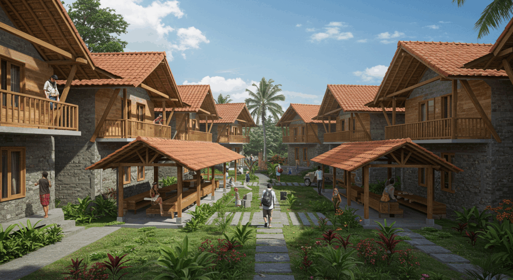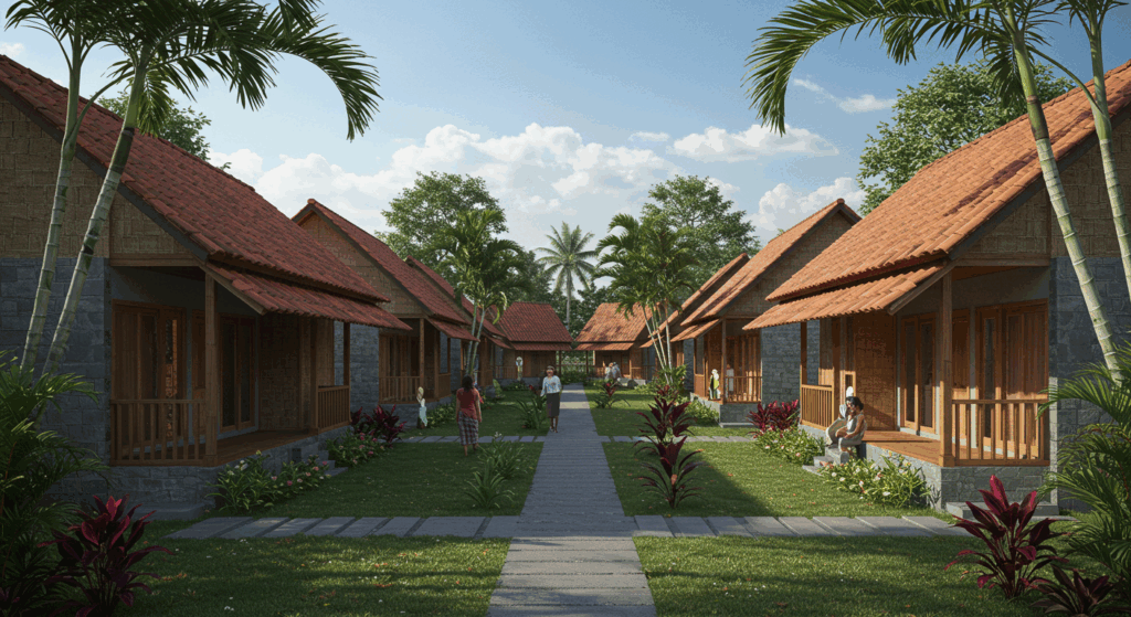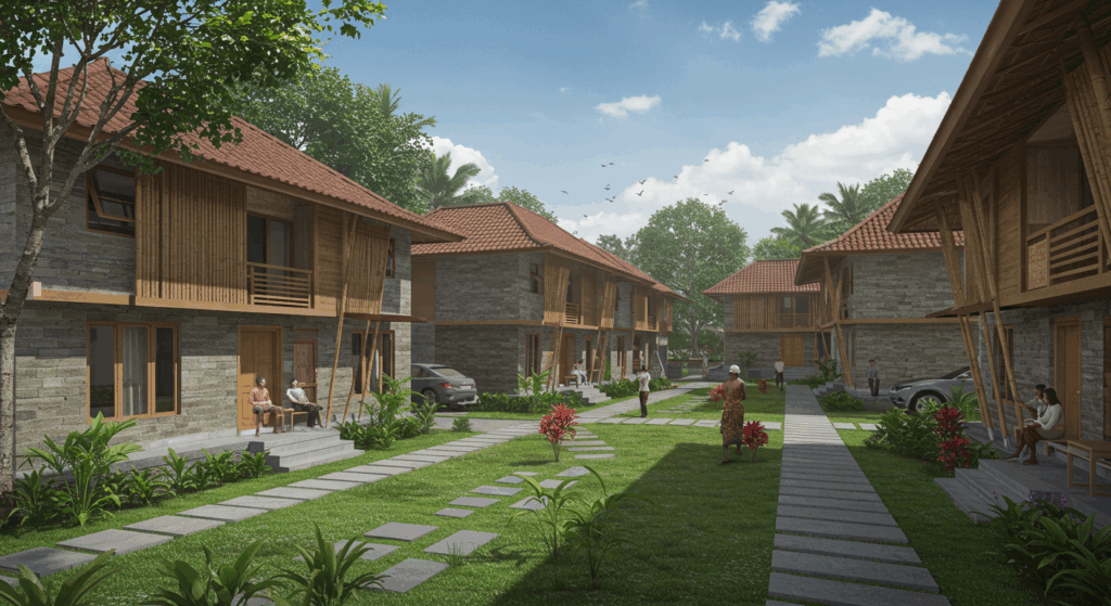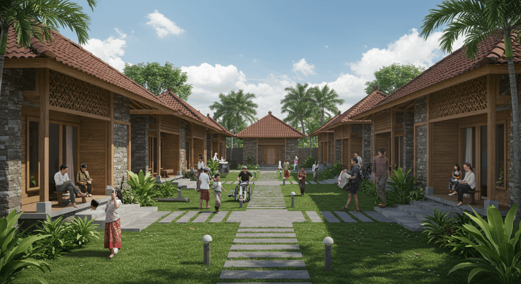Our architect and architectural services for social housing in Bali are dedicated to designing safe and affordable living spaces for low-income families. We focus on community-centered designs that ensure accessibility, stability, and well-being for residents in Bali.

---

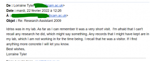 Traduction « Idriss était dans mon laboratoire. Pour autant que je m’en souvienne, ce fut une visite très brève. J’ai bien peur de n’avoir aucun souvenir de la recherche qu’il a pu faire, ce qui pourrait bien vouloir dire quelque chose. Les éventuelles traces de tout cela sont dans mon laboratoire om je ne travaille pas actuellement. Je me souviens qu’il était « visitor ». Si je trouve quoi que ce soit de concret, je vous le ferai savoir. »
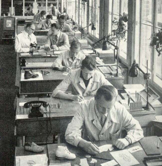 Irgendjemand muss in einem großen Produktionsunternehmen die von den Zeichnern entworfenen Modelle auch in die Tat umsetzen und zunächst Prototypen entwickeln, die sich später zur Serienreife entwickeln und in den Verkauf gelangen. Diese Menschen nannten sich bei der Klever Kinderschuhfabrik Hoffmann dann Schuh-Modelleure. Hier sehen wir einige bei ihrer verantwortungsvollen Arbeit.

• EXERCISE AIM: What are the lines in the records above, word for word, from the one containing "Idriss était dans" through the one containing "Irgendjemand muss in", both ends included and pictures left out?

• OUTPUT OF THE EXERCISE:
 Traduction « Idriss était dans mon laboratoire. Pour autant que je m’en souvienne, ce fut une visite très brève. J’ai bien peur de n’avoir aucun souvenir de la recherche qu’il a pu faire, ce qui pourrait bien vouloir dire quelque chose. Les éventuelles traces de tout cela sont dans mon laboratoire om je ne travaille pas actuellement. Je me souviens qu’il était « visitor ». Si je trouve quoi que ce soit de concret, je vous le ferai savoir. »
 Irgendjemand muss in einem großen Produktionsunternehmen die von den Zeichnern entworfenen Modelle auch in die Tat umsetzen und zunächst Prototypen entwickeln, die sich später zur Serienreife entwickeln und in den Verkauf gelangen. Diese Menschen nannten sich bei der Klever Kinderschuhfabrik Hoffmann dann Schuh-Modelleure. Hier sehen wir einige bei ihrer verantwortungsvollen Arbeit.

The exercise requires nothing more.